Market traders said the crisis in the financial sector is due to a liquidity crisis and hike in bank interest rates
The prime bourse, Dhaka Stock Exchange (DSE), fell as its benchmark DSEX index lost 231 points last month.
Market traders said the crisis in the financial sector is due to a liquidity crisis and hike in bank interest rates, dampening investor mood.
Increased investments in private placement, higher interest rates on savings certificates, and soaring non-performing loans in the banking sector, are the reasons for the liquidity crisis in the stock market, they said.
Elaborating, stakeholders said placement trading is the main reason for the liquidity crisis, as such trades are impacting the secondary market.
According to DSE trade data, the benchmark DSEX index lost 231 points in the last one month.
At the end of the month, the index was down to 5,491, which was at 5723.07 points on the first day of trading in March.
During the month, most of the large cap sectors showed negative movements except shares in Cement, Food & Allied, Fuel & Power, and Telecommunication.
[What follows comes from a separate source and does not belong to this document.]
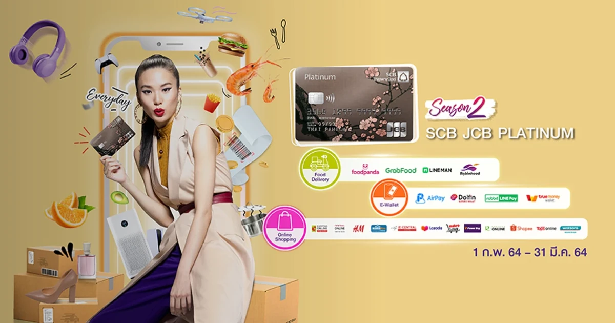 - สิทธิพิเศษเฉพาะผู้ถือบัตรเครดิตธนาคารไทยพาณิชย์ SCB JCB PLATINUM ("ผู้ถือบัตร") ที่มียอดชำระค่าสินค้า / บริการผ่านบัตรเครดิตธนาคารไทยพาณิชย์ SCB JCB PLATINUM (?บัตรเครดิต?) แบบเต็มจำนวน ณ หมวดร้านค้าออนไลน์ที่ร่วมรายการในประเทศไทย ในระบบของ JCB สำหรับรายการส่งเสริมการขายนี้เท่านั้น ได้แก่ หมวดบริการส่งอาหาร (Food Delivery) อาทิ foodpanda, GrabFood, LINE MAN, Robinhood, หมวดกระเป๋าเงินอิเล็กทรอนิกส์ (E-Wallet) อาทิ AirPay, Dolfin, Rabbit LINE Pay, Truemoney Wallet และหมวดซื้อสินค้าออนไลน์ (Online Shopping) อาทิ Big C Online, Central Online, H&M, Home Pro Online, JD Central, Lazada, Makro Click, Power Buy, Robinson, Shopee, Tops Online, Watson

Food & Allied exhibited the highest positive movement with 1.03% gain and Engineering fell to its lowest,with a 0.84% loss.
In March, the prime bourse market capitalization lost Tk 27,717.45 million . Yesterday it stood at 4,119,653.37 million, which was at Tk 4,147,370.821 million on March 3.
Minhaz Mannan Emon, director of Dhaka Stock Exchange, told the Dhaka Tribune, that placement trading is the main reason for the liquidity crisis. Many big and small investors are investing in placement shares, impacting the secondary market. The money is going out of the main market to the secondary market, he added.
He also said placement trading is basically affecting the secondary market.
Second Vice President of Bangladesh Merchant Bankers Association (BMBA), and Managing Director of Green Delta Capital Limited, Md. Rafiqul Islam, told the Dhaka Tribune: “Investments in the private sector are increasing. It's very positive. But as investors are pulling out funds from the stock market to invest in new industrial ventures, a liquidity crisis becomes inevitable in the market.”
He believes the current market is good for long term investments.
Stock market analyst and Prof. at United International University, Dr. Mohammad Musa, told the Dhaka Tribune, ambitious promises like double-digit growth rates, lower interest rates, initiatives for downsizing default loans and reducing NPLs, failed to restore investor confidence in the capital market.
He suggested the government create a special fund for the stock market.